> How to complete this task
What you return should match the listing exactly, minus its images.

> Data
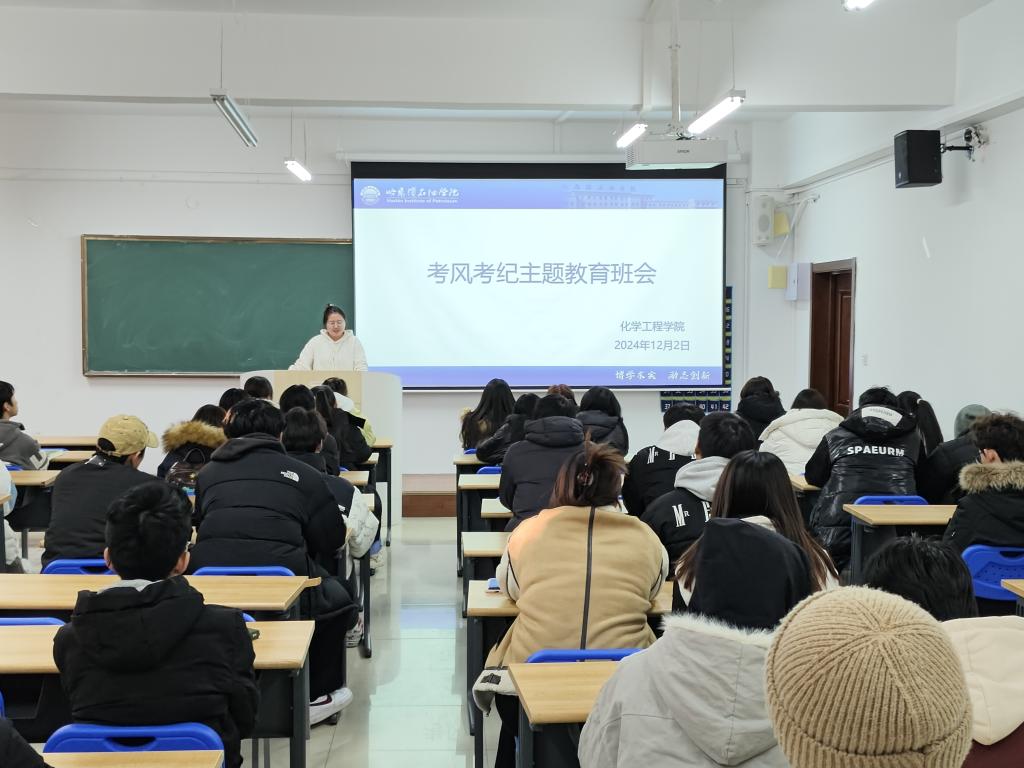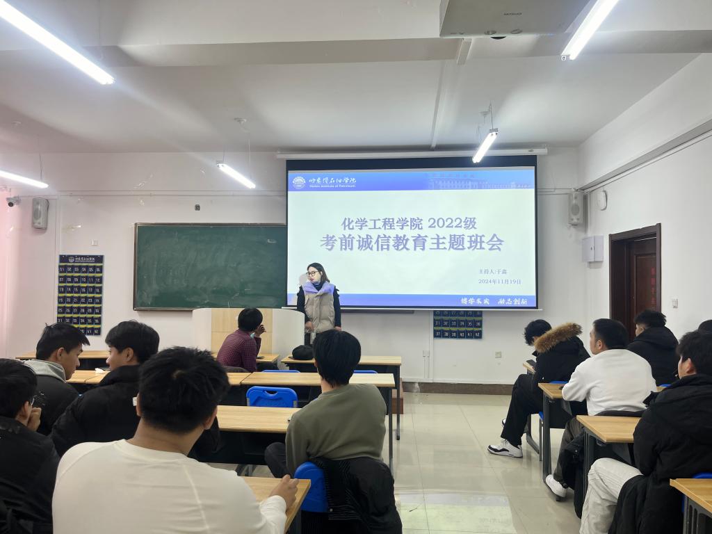 为营造风清气正的考试环境,进一步端正考风、严肃考纪,增强同学们的诚信考试意识,2024年12月2日,化学工程学院开展考风考纪主题教育班会。活动由各年级辅导员主持,22级、23级、24级全体学生参加。
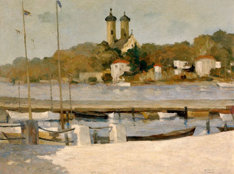 Blick auf die Hofkirche in Friedrichshafen an einem Sommertag.
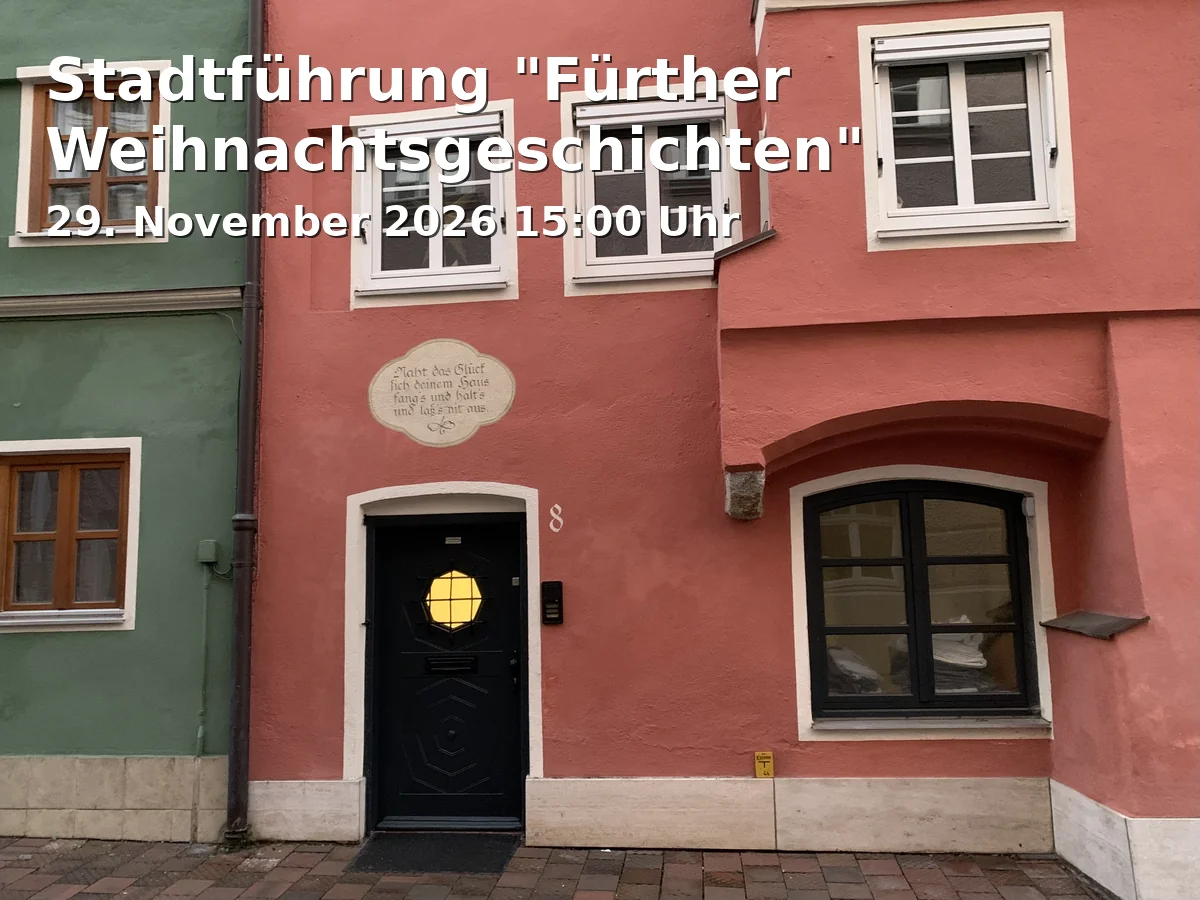 This city tour takes you into Fürth during the Advent season and lovingly combines beautifully told Christmas stories with Franconian customs and the special flair of the festively decorated old town. The walk starts at the Town Hall, entrance Königstraße 88, lasts 60 minutes, and takes place on 29.11.2026 at 15:00. The regular price is 10.00 Euros, reduced price is 8.00 Euros. The tour is suitable for people with mobility impairments; pre-registration is not necessary. ([tourismus-fuerth.de](https://www.tourismus-fuerth.de/erleben-geniessen/stadtspaziergaenge/fuerth-classics/weihnachtsgeschichten?utm_source=openai))
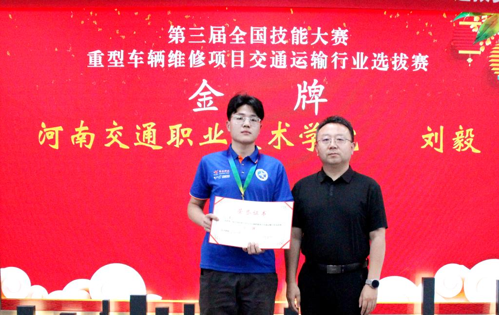 我校荣获大赛“特殊贡献奖”,学生刘毅以优异成绩喜获金牌,将代表交通运输部参加中华人民共和国第三届职业技能大赛。

> Task answer
 为营造风清气正的考试环境,进一步端正考风、严肃考纪,增强同学们的诚信考试意识,2024年12月2日,化学工程学院开展考风考纪主题教育班会。活动由各年级辅导员主持,22级、23级、24级全体学生参加。
 Blick auf die Hofkirche in Friedrichshafen an einem Sommertag.
 This city tour takes you into Fürth during the Advent season and lovingly combines beautifully told Christmas stories with Franconian customs and the special flair of the festively decorated old town. The walk starts at the Town Hall, entrance Königstraße 88, lasts 60 minutes, and takes place on 29.11.2026 at 15:00. The regular price is 10.00 Euros, reduced price is 8.00 Euros. The tour is suitable for people with mobility impairments; pre-registration is not necessary. ([tourismus-fuerth.de](https://www.tourismus-fuerth.de/erleben-geniessen/stadtspaziergaenge/fuerth-classics/weihnachtsgeschichten?utm_source=openai))
 我校荣获大赛“特殊贡献奖”,学生刘毅以优异成绩喜获金牌,将代表交通运输部参加中华人民共和国第三届职业技能大赛。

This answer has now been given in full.